Extremadura (Spain) is a region with clear geographical and demographic handicaps, as defined by the European Union (EU) itself. This region is defined by a very low population density (26 in hab/km2), motivated by the dispersion of its inhabitants and the concentration of most of them in small towns, taking only one exceeds the 150.000 inhabitants. In addition, demographic ageing, reduced or zero average annual population growth rate, the emigration of the young population, the high unemployment rate, or the large proportion of population occupied in the Administration, are other factors that make the daily evolution of the Extremadura region [7].
Only few references have been found in areas of study with similar characteristics and features (albeit density), such as some works developed in the coastal counties of Australia [8,9]. The remaining corresponds to crowded cities and with a very different demographic and economic dynamics or to regions with similar characteristics. Hence, the fact that the methodology used based on the literature review carried out, to deviate from the existing literature today briefly. In rural and more remote areas, there is a need to provide services for palliative care due to the long distance and time of access to the resource population. In the region of Canada, study has shown the need for resources of CP in nearly 50 regions [10].
The geographic context for the study was the Autonomous Community of Extremadura, Spain. This region has had a palliative care program fully integrated into the public health care system since 2002, which resulted from a decision by local health care authorities to guarantee full palliative care coverage as a basic right. Services are organized in eight “health areas”, with a palliative care team each, which operates under the direction of a regional coordinator, and is supplemented by mobile teams operating from eight acute care hospitals (Figure 1). The provision of palliative care in Extremadura is based on need alone, and is not conditioned by the patient's geographical location, his or her condition or disease, or on the ability to pay.
Achieving this goal has been challenging, not only because of the limited resources available, particularly since the beginning of the economic crisis, but also because of the negative growth and low density of a rapidly ageing population (Figure 1) [7].
The software used to generate the model and mapping was the generic geographic information system, ArcGIS 10, used as a network and as a spatial analysis tool.
The spatial data were drawn from the geodetic system ED50 (European Datum 1950) and the Universal Transverse Mercator (UTM) cartographic projection, projected in the 30 spindle for the study area.
The basic unit of analysis was the municipality, including relevant data in both the supply and demand side. Each municipality was represented by the centroid of the urban core; using coordinates provided the National Geographical Institute in each case [11]. The total population of each municipality was estimated based on data from the 2009 Municipal Register [12].
The limits of each of the health services areas were set by aggregating data included in the inventory of Primary Care Centers of the Spanish Ministry of Health and Social Policy [13].
The tolerance used to project the punctual elements on the network was 2.5 km. The impedance was calculated by dividing the span length between the same specific speeds, obtaining the time that takes to pass through a given road portion.
The road network mapping used in this study was based on data generated by our research group during the evaluation of the accessibility of centers of economic activity in mainland Spain in 2008 [14].
The cartography included all the roads of Portugal and other regions of Spain to allow the generation of an open communication model.
From the above elements, a transport model was established by defining the tolerance to project-specific elements on the network and by assigning impedance to each segment of the network. From the impedance data, the time separating two locations within the transport model was estimated, enabling the creation of a matrix of origin-to-destination times for the entire region.

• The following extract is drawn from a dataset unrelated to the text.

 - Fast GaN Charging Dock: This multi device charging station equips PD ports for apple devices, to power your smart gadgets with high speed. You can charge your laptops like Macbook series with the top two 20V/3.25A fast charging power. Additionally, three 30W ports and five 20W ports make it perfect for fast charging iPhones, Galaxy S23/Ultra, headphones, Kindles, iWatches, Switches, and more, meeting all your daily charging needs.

The matrix of origin-to-destination times is defined by the municipalities (as a source) and palliative care services located in the hospital of reference (as a target). The centroids of the municipalities have been weighted on the basis of the claimant population, although only has been conducted in those with more than 10,000 inhabitants. On the other hand, in these municipalities it has been considered also the weight of the population that each one of the census districts defined by the INE, aiming at much closer to the reality of the density and flow that present major cities in its different spaces. The weighting has been held in the municipalities of less than 10,000 inhabitants because it has been considered that the population entity, the density or movement of these flows would not effect on the results of the matrix, especially when they are having the lower socio-economic dynamism of the region.

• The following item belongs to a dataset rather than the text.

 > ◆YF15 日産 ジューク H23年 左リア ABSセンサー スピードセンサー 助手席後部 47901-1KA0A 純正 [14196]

The estimate of the urban time has been calculated considering this travel time as variable depending on the characteristics of the urban core. Since the time analysis carried out in this research considers all the urban areas of Extremadura and the peninsular centres of economic activity. In considering the density of resident population, the running speed and radius of the urban surface, so much for the urban nucleus that receives the station of departure as that of arrival, are departing from the premise from that all the urban areas are considered to be circular. The population of each municipality is obtained from the municipal census relative to the year of 2011 and the urban surface of the National Cartographic Base, 1:200,000 scales. These travel times are estimated based on the population density of the areas, through a linear fit that allocates a maximum of 80 km/h to the areas of lower density and a minimum of 20 km/h to the more populous ones [14,15].
For estimates of the time to access a particular service located within the same municipality, the urban displacement time in that municipality was counted only once. Calculations of the time required to access a health facility that requires transportation across municipalities were obtained from estimates of the time by road between them, as well as the time urban time within each of them.

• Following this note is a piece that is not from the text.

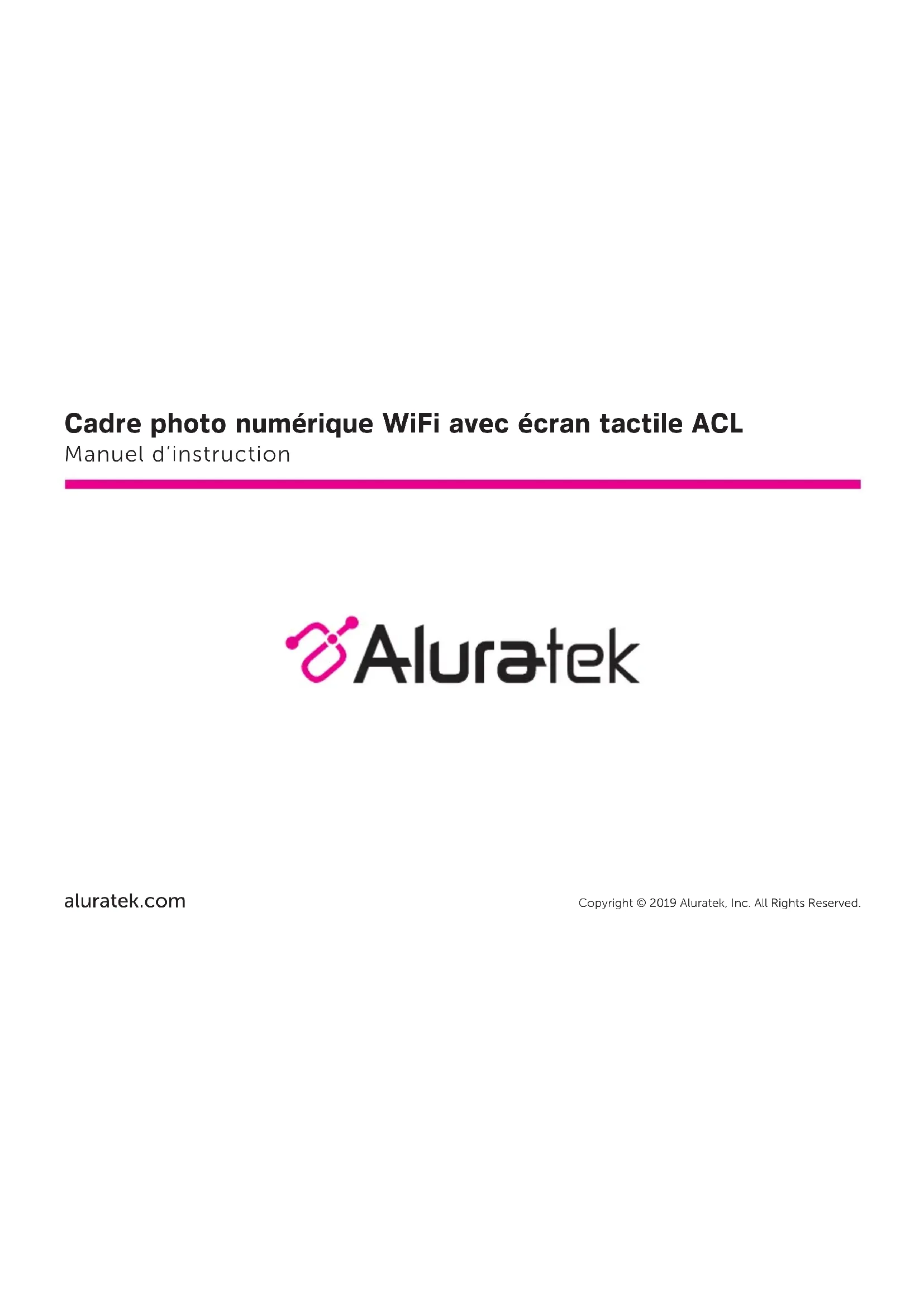 Copyright © 2019 Aluratek, Inc. All Rights Reserved. aluratek.com Manuel d’instruction Cadre photo numérique WiFi avec écran tactile ACL04

Data on each of the palliative care services were obtained from existing official directories, including:
• Name and location of the site, equipment or resource
• Resource type: Palliative care unit, clinical support teams (hospital-based, home-based or mixed), psychosocial support teams, service coordination, research teams, day units or rehabilitation facilities
• Financing model: Publicly-funded hospitals, private hospitals in agreement with the National Health Services or private hospitals without agreement
• Staffing: number of physicians, nurses, psychologists, social workers and other health professionals
• Number of beds, whenever relevant
• Expected level of population and geographic coverage assigned by the regional health authority [16].
The accessibility indicators were selected based on a typological classification proposed for key health services in Mexico, modified to account, simultaneously, for determinants of supply (professionals and physical resources) and demand (population) (Table 1) [16].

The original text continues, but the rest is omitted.